■ Directions: Take the records below and set down exactly the lines from the one with "Предлагаемый вниманию учебник" to the one with "Estabilizadores em material", ends included; do not copy the pictures.

■ Supplied material:
=== Begin Enclosure ===
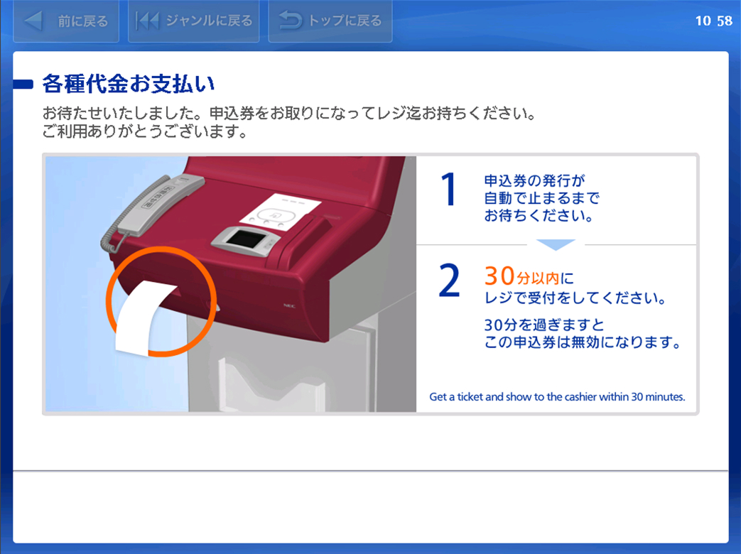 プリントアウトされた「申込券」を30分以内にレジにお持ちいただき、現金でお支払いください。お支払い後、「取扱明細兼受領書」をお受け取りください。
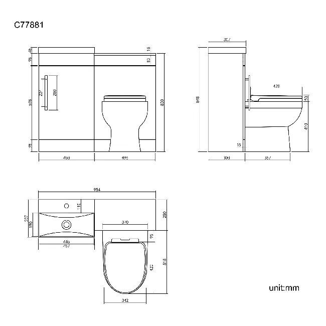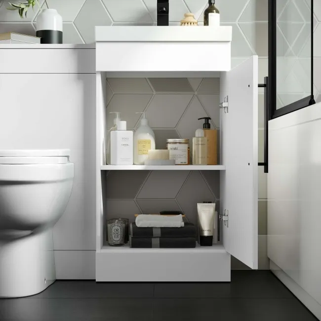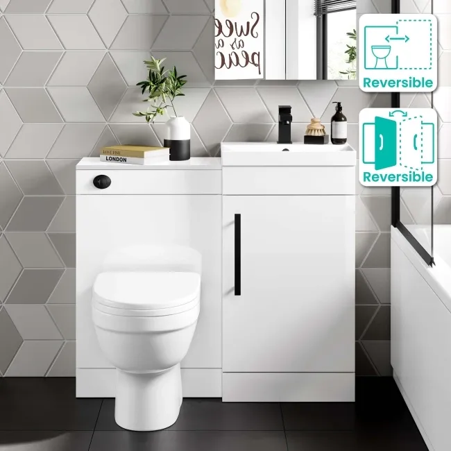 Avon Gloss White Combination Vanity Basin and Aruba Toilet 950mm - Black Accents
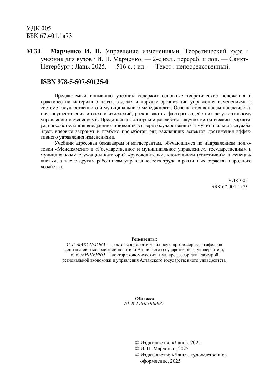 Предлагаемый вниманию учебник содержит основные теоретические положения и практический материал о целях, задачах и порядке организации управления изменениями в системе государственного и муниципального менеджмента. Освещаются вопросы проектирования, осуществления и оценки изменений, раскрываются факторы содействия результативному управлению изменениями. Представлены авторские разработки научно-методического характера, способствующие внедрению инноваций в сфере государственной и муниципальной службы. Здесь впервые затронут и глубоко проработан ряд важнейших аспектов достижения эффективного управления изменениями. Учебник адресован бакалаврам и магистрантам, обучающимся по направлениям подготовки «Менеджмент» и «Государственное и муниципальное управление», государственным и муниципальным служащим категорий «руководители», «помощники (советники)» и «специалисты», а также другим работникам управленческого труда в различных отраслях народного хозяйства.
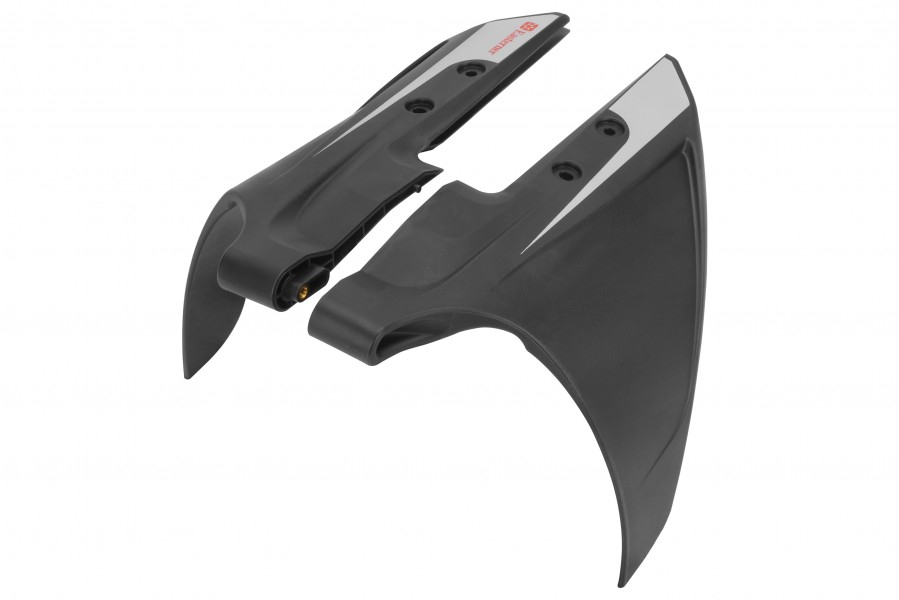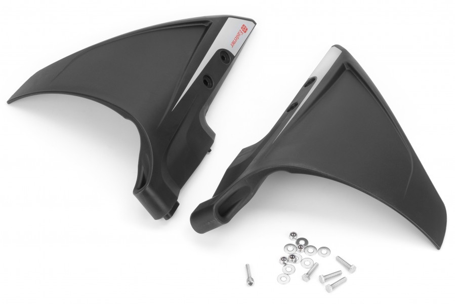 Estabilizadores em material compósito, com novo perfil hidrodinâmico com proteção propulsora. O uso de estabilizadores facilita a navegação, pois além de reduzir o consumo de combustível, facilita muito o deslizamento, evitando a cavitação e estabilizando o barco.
=== End Enclosure ===
=== Begin Enclosure ===
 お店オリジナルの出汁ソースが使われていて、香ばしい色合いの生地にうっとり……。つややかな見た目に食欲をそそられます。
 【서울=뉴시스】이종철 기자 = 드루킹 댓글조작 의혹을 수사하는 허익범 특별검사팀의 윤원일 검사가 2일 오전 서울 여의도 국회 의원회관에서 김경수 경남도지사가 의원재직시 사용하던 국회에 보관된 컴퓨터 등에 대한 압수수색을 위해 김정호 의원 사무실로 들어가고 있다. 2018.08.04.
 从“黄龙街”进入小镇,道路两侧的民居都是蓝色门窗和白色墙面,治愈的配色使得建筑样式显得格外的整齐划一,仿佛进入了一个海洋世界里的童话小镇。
=== End Enclosure ===
■ Finished exercise:
 Предлагаемый вниманию учебник содержит основные теоретические положения и практический материал о целях, задачах и порядке организации управления изменениями в системе государственного и муниципального менеджмента. Освещаются вопросы проектирования, осуществления и оценки изменений, раскрываются факторы содействия результативному управлению изменениями. Представлены авторские разработки научно-методического характера, способствующие внедрению инноваций в сфере государственной и муниципальной службы. Здесь впервые затронут и глубоко проработан ряд важнейших аспектов достижения эффективного управления изменениями. Учебник адресован бакалаврам и магистрантам, обучающимся по направлениям подготовки «Менеджмент» и «Государственное и муниципальное управление», государственным и муниципальным служащим категорий «руководители», «помощники (советники)» и «специалисты», а также другим работникам управленческого труда в различных отраслях народного хозяйства.
 Estabilizadores em material compósito, com novo perfil hidrodinâmico com proteção propulsora. O uso de estabilizadores facilita a navegação, pois além de reduzir o consumo de combustível, facilita muito o deslizamento, evitando a cavitação e estabilizando o barco.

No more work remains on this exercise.